I also cut 1/4” x 1/4” balsa stringer, FU-ST-2 to a length of 23 5/8“, to see how it would fit into the bottom of the fuselage and into FU6B… it isn’t perfect but workable once we touch up FU6B, the angled ply piece I put in with the WD assembly since their angles need to match up. I didn’t glue this piece into place yet as the other tasks still required on the fuselage will be easier with the spaces open.
On Wednesday I was finally able to make some more progress on my wing. What was the hold up you ask? Well, I needed to make the WC assembly and the types of pieces and angles involved I couldn’t seem to get it done on my own. After telling a co-worker about it (Catherine) she graciously helped me with assembly.
I brought the pieces to work and after our work day was done she became my extra set of hands and between the two of us, one holding and one gluing, we were able to get the WC assembly built… not perfect, but done. Medium CA was used, applied to the joints get the balsa pieces, two outer WE’s and three inner (bigger) WD’s, attached to the WC ply plate. Seen in the left pic below.
Yesterday, I cut eight pieces out of 1/4“x1/4” balsa stringers to a length of 11/4“. I then marked the center of them and glued them to the inside leading edge of the ailerons, using wood glue, and clamped them in place. The purpose of this is to provide more support/substance for the hinges. I used weights to ensure the ailerons stayed flat on the surface and clamps to keep the balsa pieces tight while the glue dried. You can see the result in the image above.
Next, I attempted to make the assembly for the bottom back of the wing… I’ll call it the WC assembly. Everything I tried to keep things in place just wouldn’t work, from doing it on the workbench to overtop of a piece of wax paper on the wing itself. I even sanded the angle into the WC edge a bit to see if that would help but due to the awkward way the WC angles below the WDs & WEs when the pieces are flush and needing to be to be to the ‘bottom’, which is what I’m calling the longer side, when upside down I just can’t get everything to come together. I think an attempt at using CA is in order… it is so fast acting you basically get one shot before it sets at getting the piece in place properly.
That is where I’m at. The other thing I can do is sand the front WF assembly so that the WGs are flush with the top of WF as then I can put the balsa sheet (W-SH-7) over top.
Yesterday, Peter dropped off my wing and did a trial fitting into the fuselage. He graciously fixed my previous mistake where I glued the WF assembly to the wrong side of the wing, doh! He was able to remove it and repair the damage to the wing.

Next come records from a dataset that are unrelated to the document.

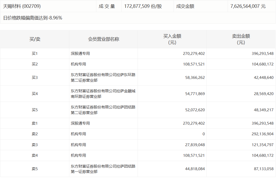 天赐材料今日跌停 三机构合计净卖出3.82亿元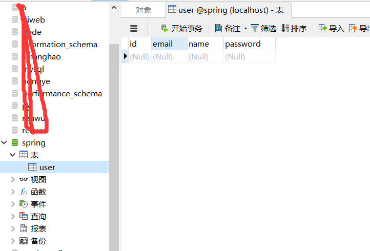 首先创建我们的数据库(这里我使用的是Mysql),为了演示方便,我这里简单的创建一个spring数据库,然后数据库有一个user用户表:
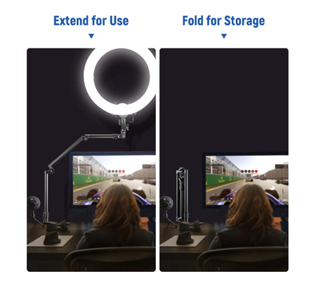Flexible Articulating Stand- Single arm length: 12.6" (320mm), fully extended length: 35.4" (900mm). The stand can be folded into 13.8" (350mm) for space-saving storage. The top and bottom of the stand are 360° rotatable. They can be angled and locked by using the knobs for flexible and effortless adjustment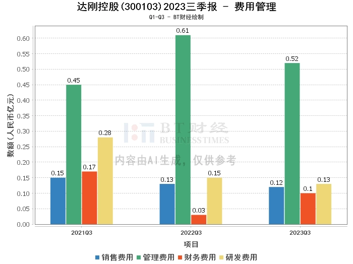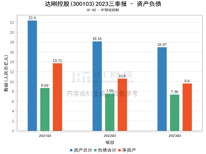 在资产负债方面,达刚控股2023年三季度的总资产为16.97亿元,相比上年度末的17.38亿元微降2.37%。负债总额为7.36亿元,与上年度末的7.32亿元相比略有增加。净资产为9.6亿元,相比上年度末的10.06亿元有所下降。资产负债率为43.39%,较上年度末的42.11%有所上升。这些变化的主要原因可能是公司在报告期内的经营活动和投资决策。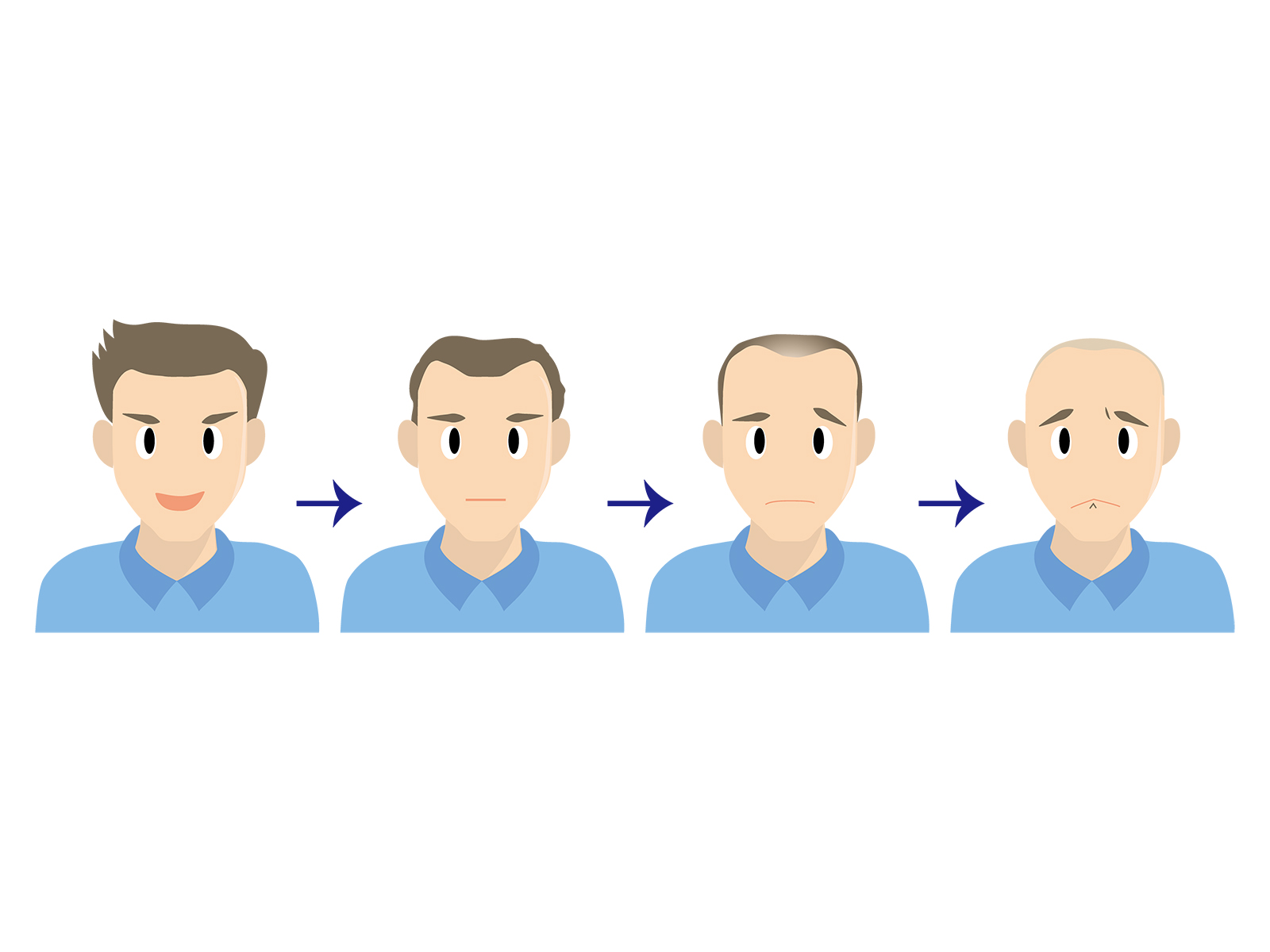 この写真の男性のように、ふさふさなお髪からツルツルになるのではなく、この逆に外見も内面も若返るというのを目指して一緒に頑張りましょう!
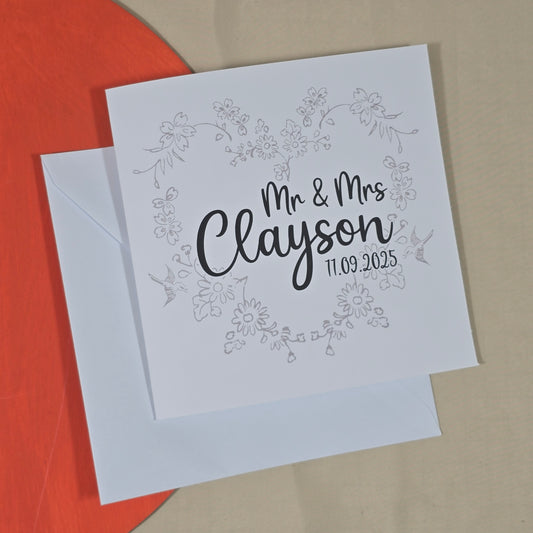 Personalised Floral Wedding Card Just Married Card Wedding Date Card Wedding Day Gift Wedding Keepsake Congratulations Card Anniversary Card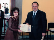 28日、国際いけ花から派遣された佐々木夫美子教授は、レセプションパーティーに出席し、ソレント市長より感謝状をいただきました。フリオテーノ宮殿での椿と桃を使ってのいけ花デモンストレーションでは大きな拍手をいただき、多くの質問も飛び交いました。またその後のワークショップ(いけ花講習会)には多くのイタリア人が参加され、初めていけ花を経験する方も多く、剣山には驚きの声が上がっていました。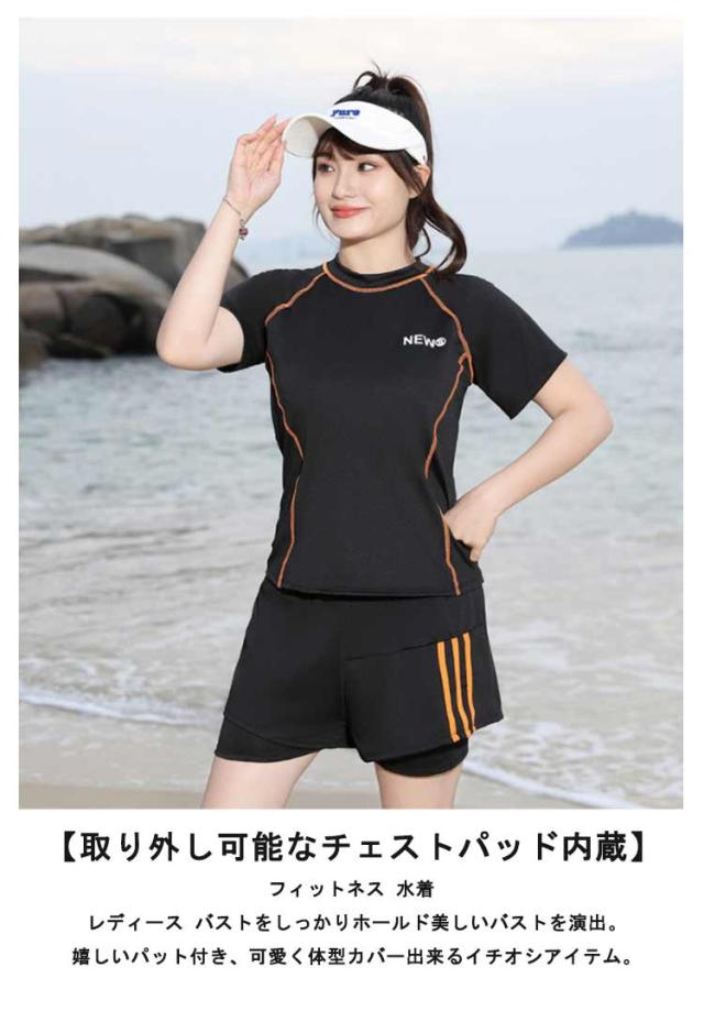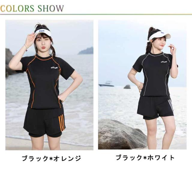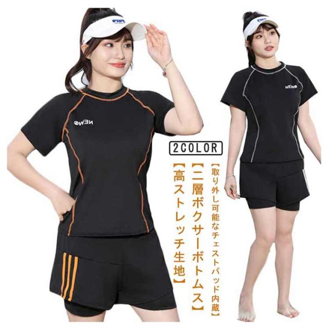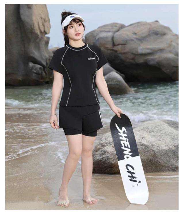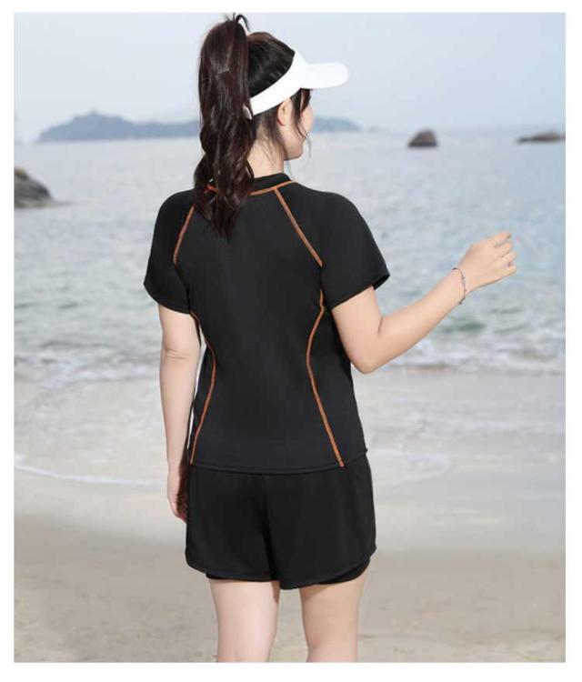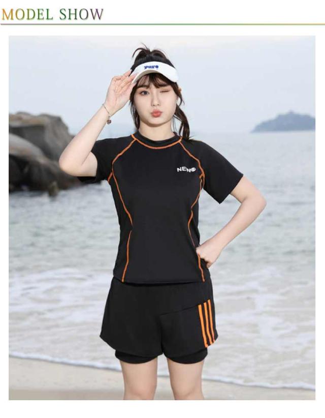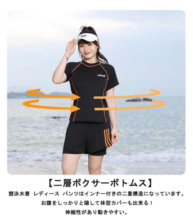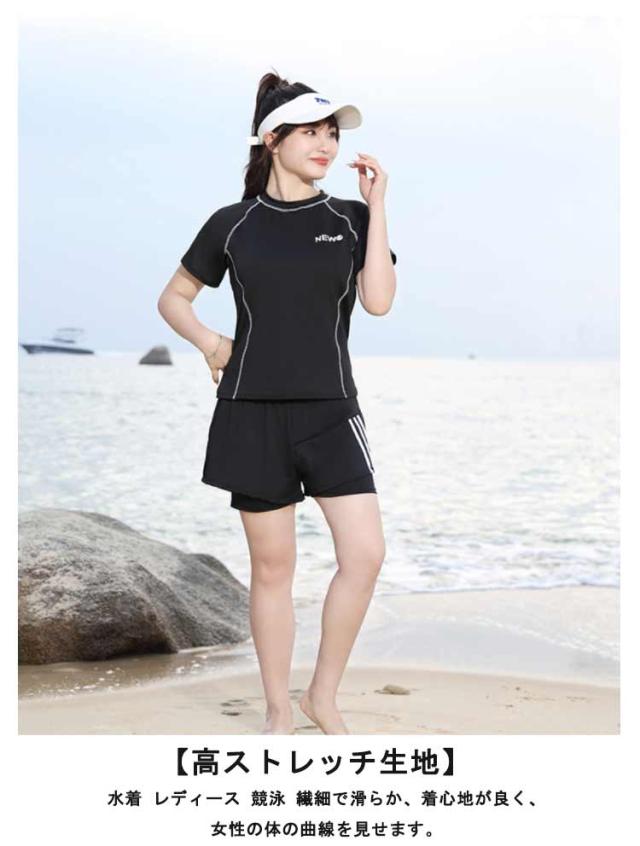 半袖 水着 半袖 夏 スプリット プール リゾート ラウンドネック ボクサー レディース ビーチ お腹カバー ブリーフ ウエスト カバー ハイエンド ショートパンツ 女性 水着 水陸両用 フィットネス水着

You can see part of the sanded filler in the featured image above.
As part of the trial fitting, needing to get the wing to sit flush without pushing down, drilled out the holes at an upward angle as well as sanded the doublers. I’m concerned sanded to much before realizing the reason was the addition of the square piece on the wing to reinforce the sheeting around where the servo leads will go through.
Today, I put in a couple of sessions. This morning after waking up I went straight to my workshop and worked on the other wing tip. I got the WT2, WT3 & WT4 pieces (one top and one bottom) glued in place. I needed to do the supports for some of them again as they were a bit short. I don’t know if this was the best option; however, it is what I decided to do and will have to see how it all works out. I also lightly sanded the outter rib cap as where it tipped inward a bit it wasn’t flush with the sheeting at the top and leading edge.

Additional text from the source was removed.